W Kasisi wszystko wraca do normy!!!

Data dodania: 06.07.2021

Paczkę gorących — jak frytki z batatów — zdjęć siostra Mariola opatrzyła podpisem „migawki z życia po zmartwychwstaniu”. Z wirusem miał tu już kontakt chyba każdy. Na szczęście większość przeszła chorobę bez problemów. Wszystko wraca do normy!!! Siostra Jolanta, o którą martwiliśmy się najbardziej, dziś wybiera się na swój pierwszy spacer, podczas którego jak zwykle skontroluje, czy chłopaki dbają o obejście swoich domów. Wracają jej siły i poczucie humoru.

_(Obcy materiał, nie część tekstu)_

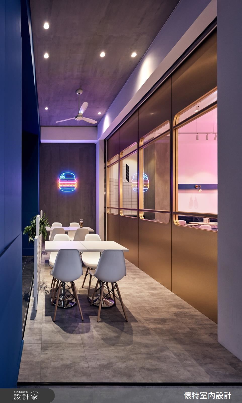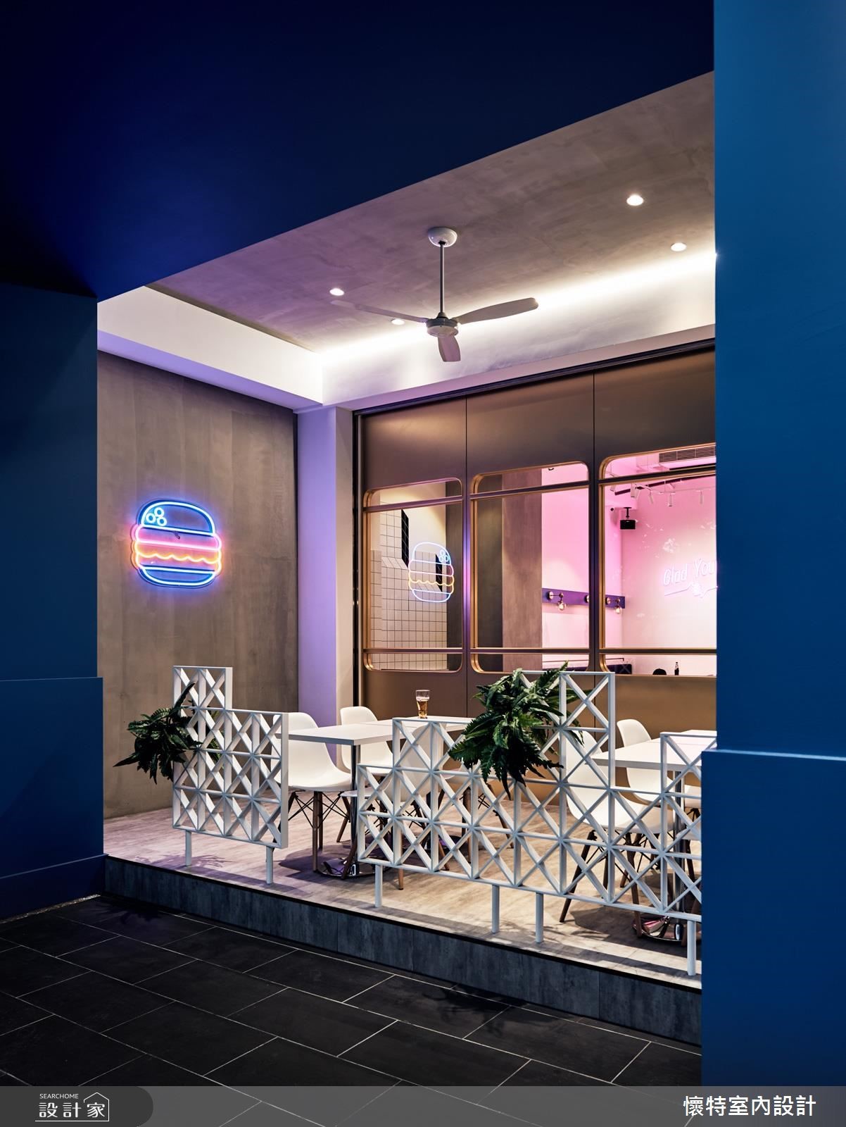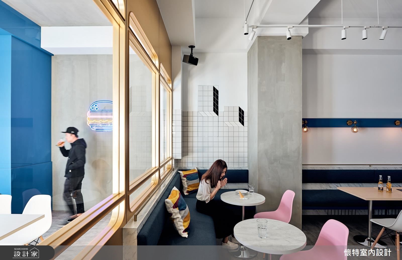 谁说享受美式快餐,一定是在粗犷的美式空间里豪迈吃着汉堡?怀特设计颠覆既定印象,以柔美的粉、蓝色系融入美式汉堡的空间里,激起女性们潜在的少女情怀,成为拍照上传、打卡的热门景点。 【白、粉、金配色,掳获少女心】门口规划一处户外用餐区,木纹壁面挂上一个巨型的荧光汉堡,面向马路区的栏杆以几何造型围塑出座位区,内侧以车厢窗框为设计,让人有走进纽约地铁月台的临场感受。踏入室内,从入口到吧台地面皆铺陈蓝色的环氧树脂晕染,彷佛冰淇淋融化的感受。室内以白色为基调,天花板无刻意装修,轨道灯串连空间,木纹塑胶地板为地面植入温暖氛围,湛蓝色系的座位贯穿整体空间,粉白相间的座椅擦亮视觉新意。壁面透过灯泡装饰,移植工业风精髓;粉红、香槟金的色泽轻轻点缀,更调合出甜美、漾彩的视觉变化。吧台区则藉由利落感的石材打造,诠释出质感的现代风尚,香槟金色泽的管子造型贯穿其中,与窗框颜色相互呼应,其流畅的曲线更带来画龙点睛之效。
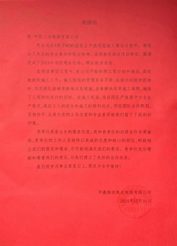 華鑫微納集成電路有限公司在信中表示,8英寸MEMS晶圓生產線項目建設團隊精心編制策劃與方案、嚴格按照工程計劃和規(guī)范,高效組織各項施工工作,?始終保持著高度的責任感和使命感,?以精湛的技術、?嚴謹?shù)膽B(tài)度和飽滿的干勁確保了工程的順利推進。
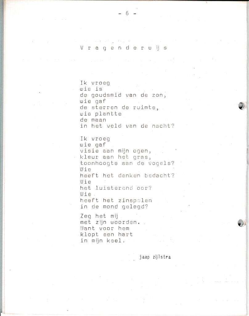 | Beschrijving: | It Fleurige Flittergat: 1966 2de jaargang nr. 22: Gedicht; Vragenderwijs van Jaap Zijlstra |

Kasisi na ostatniej prostej do post-covidowej rzeczywistości. Oczywiście wszyscy wciąż siedzą w domu. Zajęcia w szkołach zawieszone, władze szukają sposobu, by zaradzić gęstniejącemu w szpitalach tłumowi chorych. Wjazd do kraju jest ograniczony, ale dzięki Wam w Kasisi jak dotąd nie brakło niczego. Teraz musimy tylko pilnie odbudować zapasy leków, które w ostatnich dniach bardzo uszczuplił nam wirus. Nie są potrzebne w tej chwili, ale mogą się przydać w każdej. Dlatego nie ma na co czekać! Jeśli tylko możecie, wpadnijcie na medyczne zakupy i pomóżcie nam odbudować zapasy. To jeszcze nie koniec zagrożenia i nie możemy pozwolić sobie, by zabrakło najważniejszych medykamentów, kiedy brakuje miejsc w szpitalach.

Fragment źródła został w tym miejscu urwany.